Backing up CircleCI Enterprise
This document will describe how to back up your CircleCI Enterprise application so that you can recover from accidental or unexpected loss of the VM containing all of your persistent CircleCI data (the services box) in the following sections:
- Backing up DB data
- Backing up object storage
- Notes on AWS EBS snapshots
- Data integrity considerations
Backing up DB data
The primary, recommended mechanism for backing up your CircleCI data is to use VM snapshots of the virtual disk acting as the root volume for the services box (the machine that serves up the end-user-facing CircleCI UI).
Note: If you are running CircleCI Enterprise in an HA configuration, you must use standard backup mechanisms for the external datastores. See the High Availability document for more information.
These backups can be performed without downtime as long the underlying virtual disk supports such an operation (this is true with AWS EBS for example). There is a small risk (that varies by filesystem/distro) that snapshots taken without a reboot may have some data corruption, but this is rare in practice. If zero downtime backups and robustness in the face of data corruption issues are required, then an HA configuration may be the best solution.
Backing up object storage
Build artifacts, output, and caches are generally stored in object storage services like AWS S3. These services are generally considered highly redundant and unnecessary to backup for backup/recovery purposes. An exception is if your instance is setup to store large objects locally on the services box, either directly on-disk or on an NFS volume. In this case, you will need to separately back these files up and ensure they’re mounted back to the same location on restore.
Restoring from a backup primarily consists of launching a new VM using a previous root-volume backup. When testing backups or performing a restore in production, you may need to make a couple of changes on the newly launched instance if its public/private IP addresses have changed:
- Ensure that the hostname configured in the settings page at port 8800 reflects the correct. If this hostname has changed, you will also need to change it in the corresponding GitHub OAuth application settings (or create a new app to test the recovery) to be able to log into the app.
- Update any references to the backed-up instance’s public/private IP addresses in
/etc/default/replicated-operator(on Debian/Ubuntu) or
/etc/sysconfig/*(in RHEL/CentOS) to the new ones.
Notes on AWS EBS snapshots
There are a few features of AWS’ EBS snapshots that make this backup process quite easy:
To take a manual backup, you can just select the instance in the EC2 console and select Actions > Image > Create Image.
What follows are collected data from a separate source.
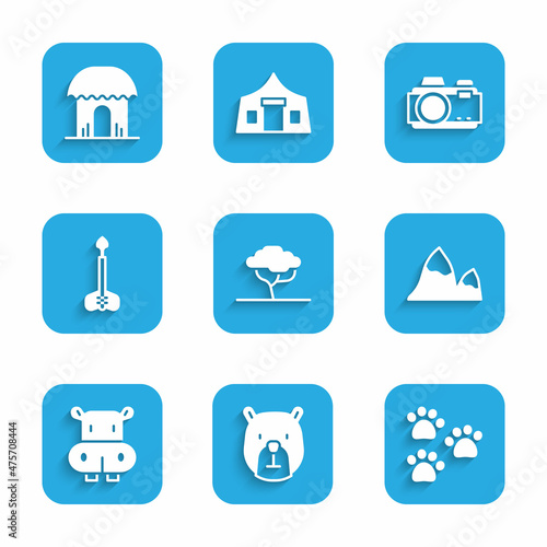 Set African tree, Bear head, Paw print, Mountains, Hippo or Hippopotamus, Arrow, Photo camera and hut icon. Vector
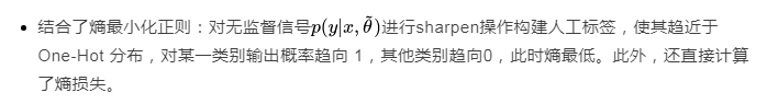 2)Strong Augmentation: MixMatch不稳定的原因可能是K次weak增强会导致不同的预测,取平均值不是具有意义的目标;ReMixMatch改进这一点,引入strong增强,将weak增强后的人工标签与strong增强后的预测标签共同构建一致性正则(KL散度)。具体的增强方式CTAugment 可参考原论文。
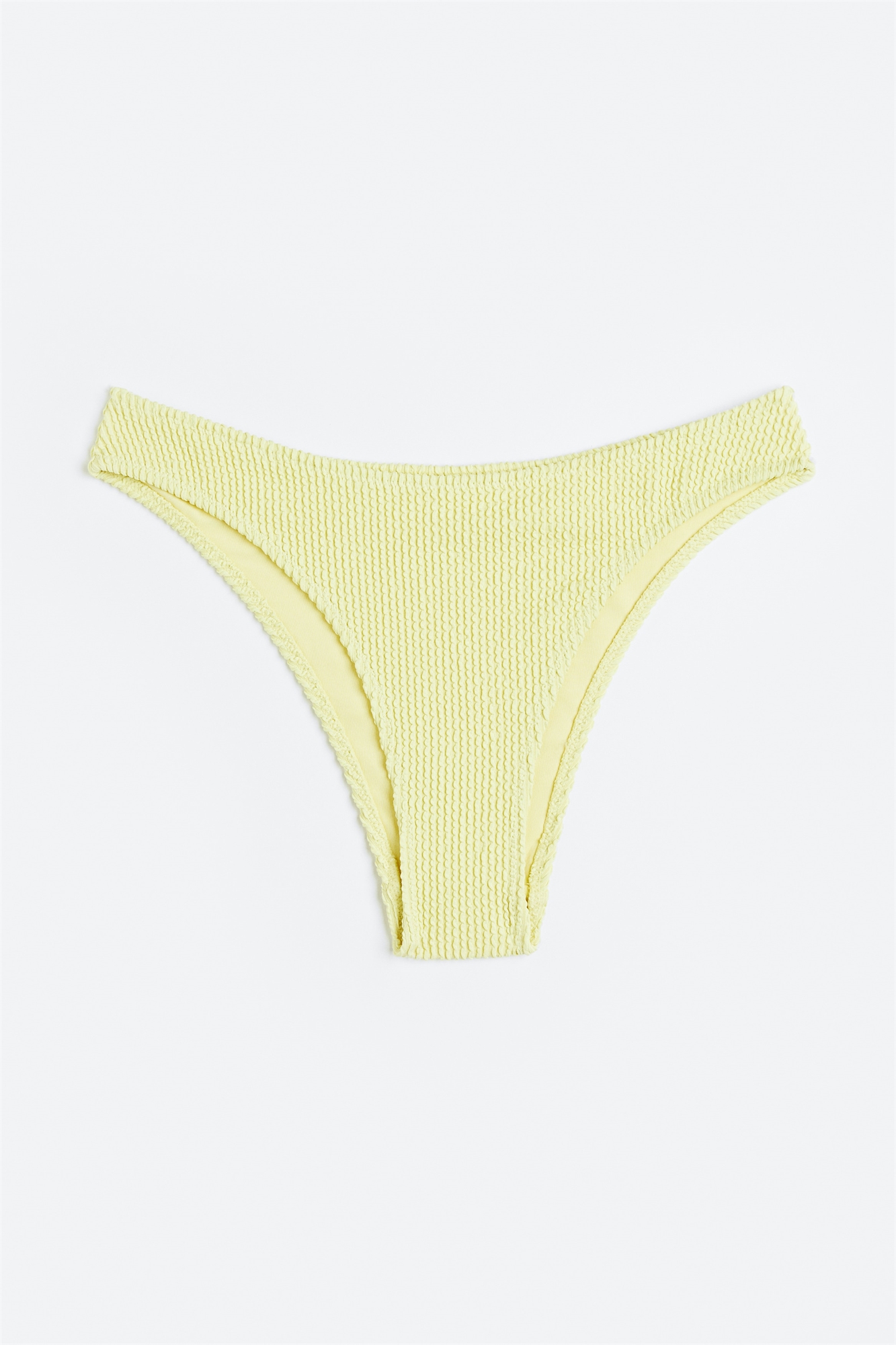 Трусики-бикини на подкладке с фактурной отделкой, средней талией и вырезом сзади.
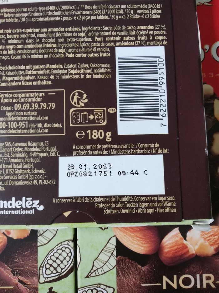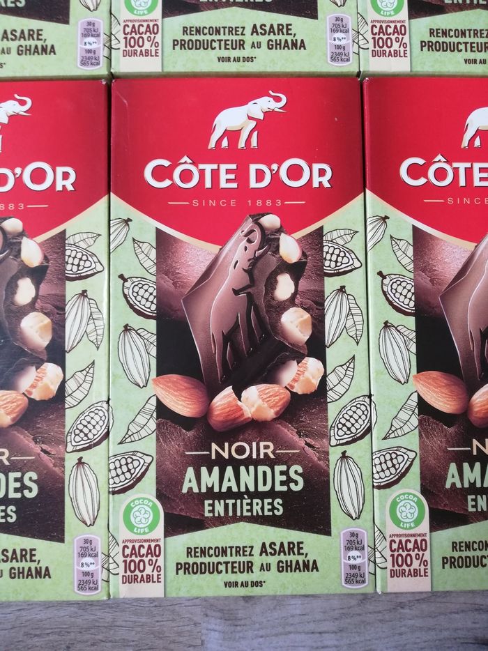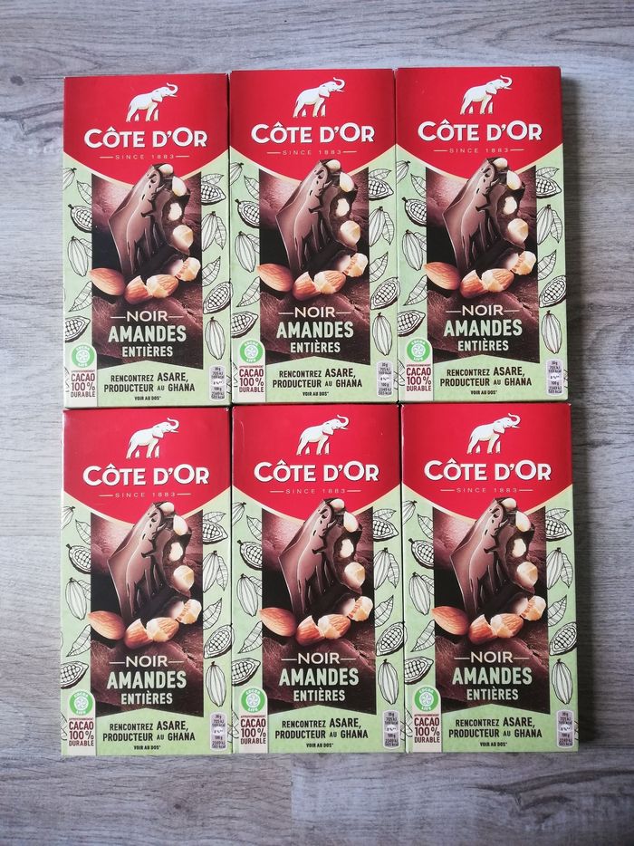 Vend un lot de 6 tablettes côte d'or noir amandes
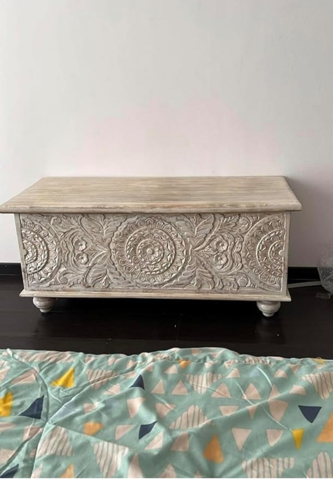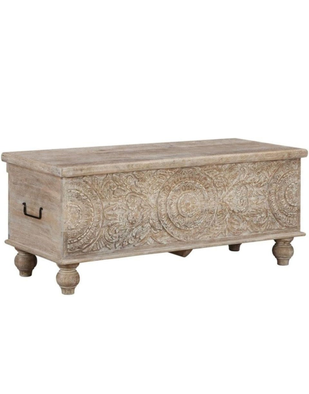 This carving box made by mango wood and iron accessories apply.

Select the “No reboot” option if you want to avoid downtime. This will create an AMI that can be readily launched as a new EC2 instance for restore purposes. It is also easy to automated this process with the AWS API.
If you take frequent snapshots this way, subsequent AMIs/snapshots will only be as large as the difference (changed blocks) since the last snapshot, meaning storage cost is not necessarily much larger for more frequent snapshots.
Data integrity considerations
While filesystem-level data integrity issues are rare and preventable, there will likely be some data anomalies in a point-in-time backup taken while builds are running on the system. For example, a build that is only half-way finished at backup time may wind up missing the latter half of its command output, and it may permanently show that it is in “Running” state in the UI.
If you want to clean up any abnormal build records in your database after a recovery, you can delete them by running the following commands on the services box (replace the example build URL with an actual URL from your CircleCI UI):
$ circleci dev-console # Wait for console to load user=> (admin/delete-build "https://my-circleci-hostname.com/gh/my-org/my-project/1234")